(Records from a data collection)
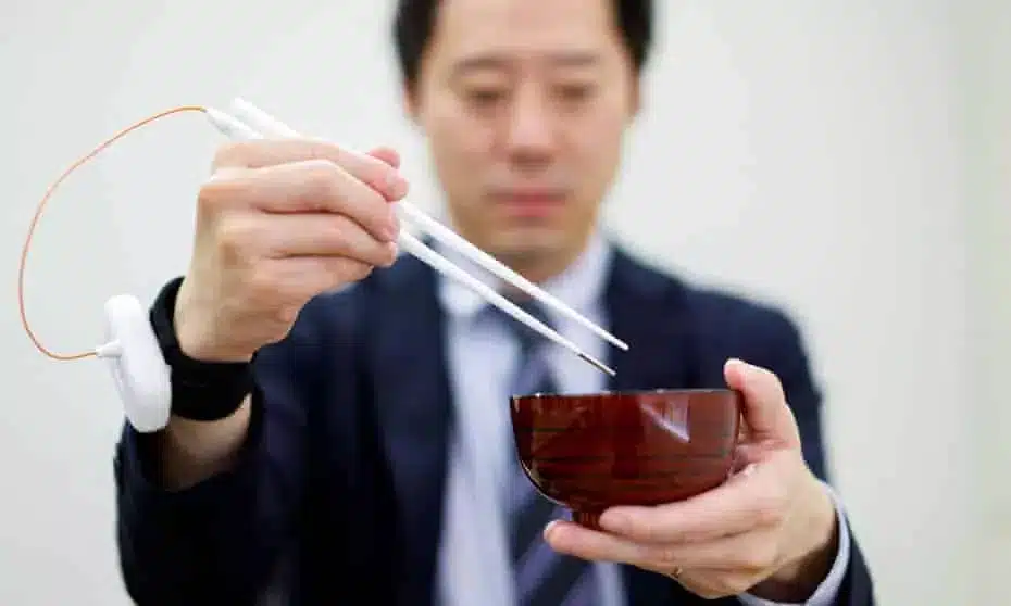 Um grupo de investigadores japoneses criaram pauzinhos elétricos, que criam uma sensação artificial do sabor do sal, procurando reduzir a ingestão do mesmo e consequentemente melhorar a saúde.
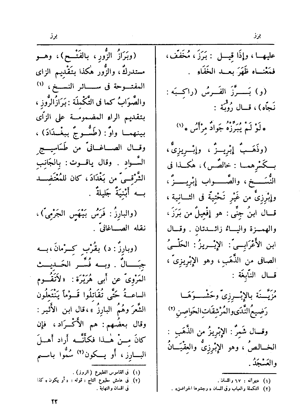 عَلَيْهَا، وَإِذا قيل: بَرَزَ، مُخفّف، فَمَعْنَاه ظَهَرَ بعد الخَفاء. بَرَّزَ الفرَسُ راكِبَه: نَجّاه، قَالَ رُؤْبة: لَو لم يُبَرِّزْهُ جَوادٌ مِرْأَسُ وذهبٌ إبْريزٌ، وإبْريزيٌّ، بكسرِهما: خالصٌ، هَكَذَا فِي النُّسَخ، والصوابُ إبْريزٌ، وإبْرِزِيٌّ من غَيْرِ تَحْتِيّة فِي الثَّانِيَة، قَالَ ابنُ جنّي: هُوَ إفْعيلٌ من بَرَزَ، والهمزةُ والياءُ زائدتان. وَقَالَ ابْن الأَعْرابِيّ: الإبْريزُ: الحَلْيُ الصافي من الذَّهَب، وَهُوَ الإبْريزيّ، قَالَ النَّابِغَة:
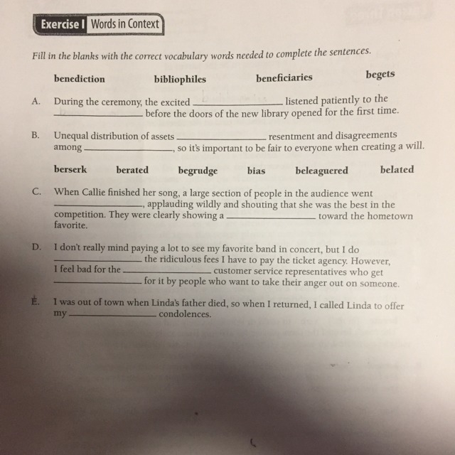 I think A is beneficiaries and benediction.
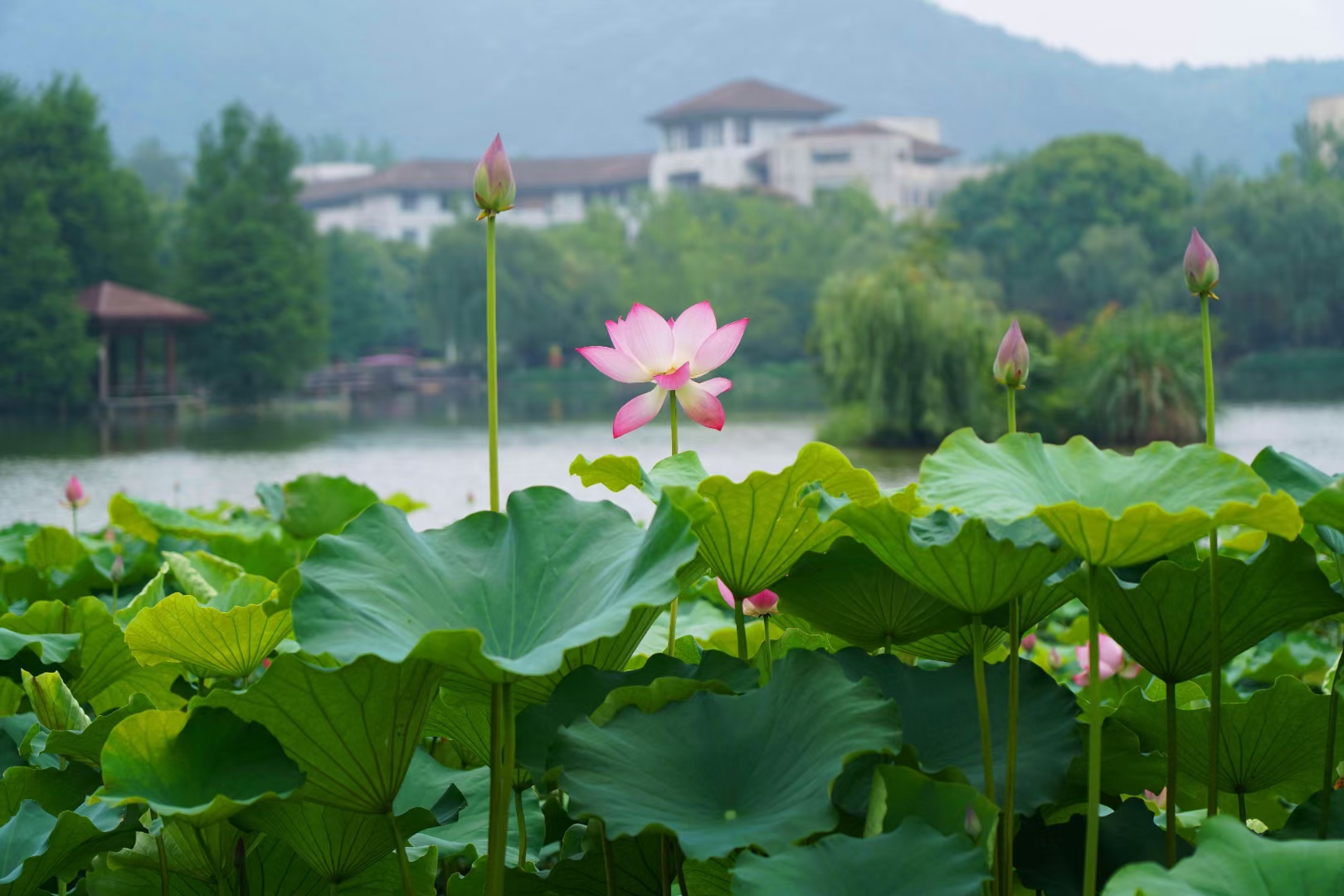 蕩漾的東湖總能讓人流連忘返,看那泛著粼粼波光的湖水,是順著陽光而下的仙子在水面上舞蹈。湖中的小島四面環(huán)樹繞水,小鳥戲耍在樹枝尖頭,天鵝繞島游行。清澈的湖水上是綻放著的蓮花,粉白交雜,這是夏天的斗妍。偶遇雨季的東湖,煙雨蒙蒙,將綠藻下的魚兒和樹枝上的夏鳥藏匿在仙境中。
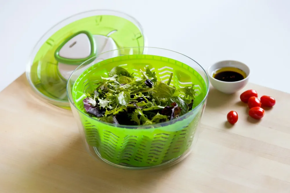 Gebruik de mand als vergiet om onder de kraan de sla te wassen. De extra heldere bowl kan na het drogen gebruikt worden als slakom. Bowl met deksel zijn perfect om sla te bewaren in de koelkast. Het deksel is demonteerbaar voor het gemakkelijk reinigen en drogen.
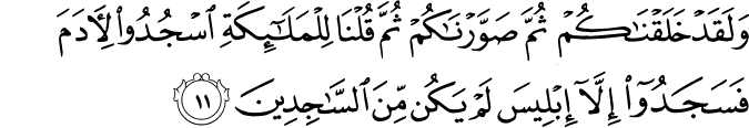 Translit: Walaqad khalaqnakum thumma sawwarnakum thumma qulna lilmalaikati osjudoo liadama fasajadoo illa ibleesa lam yakun mina alssajideena
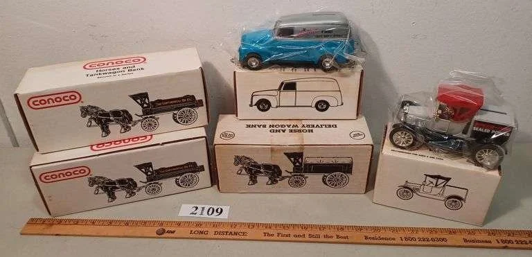2109 (5) ERTL die-cast horse & wagon and truck banks in boxes
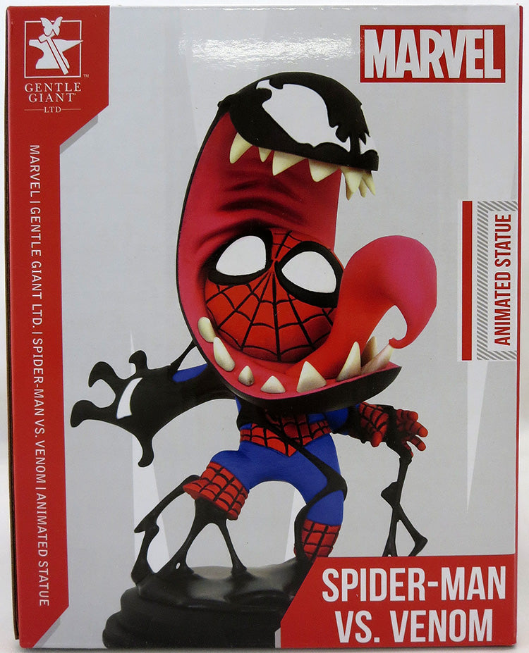 Description: A Diamond Select Release! It's a sticky situation in this new Marvel Animated Statue from Gentle Giant! Spider-Man is all wrapped up in this Venom symbiote in this approximately 6 1/2 inch resing sculpted based on official Marvel Comics artwork. The statue comes packed in a full-color window box. Sculpted by Gentle Giant Studioa.

**WHAT YOU NEED TO DO:** Pictures stay out. Return exactly the lines from the one with "Translit: Walaqad khalaqnakum" through the last line of the data.

**OUTPUT OF THE EXERCISE:**
 Translit: Walaqad khalaqnakum thumma sawwarnakum thumma qulna lilmalaikati osjudoo liadama fasajadoo illa ibleesa lam yakun mina alssajideena
2109 (5) ERTL die-cast horse & wagon and truck banks in boxes
 Description: A Diamond Select Release! It's a sticky situation in this new Marvel Animated Statue from Gentle Giant! Spider-Man is all wrapped up in this Venom symbiote in this approximately 6 1/2 inch resing sculpted based on official Marvel Comics artwork. The statue comes packed in a full-color window box. Sculpted by Gentle Giant Studioa.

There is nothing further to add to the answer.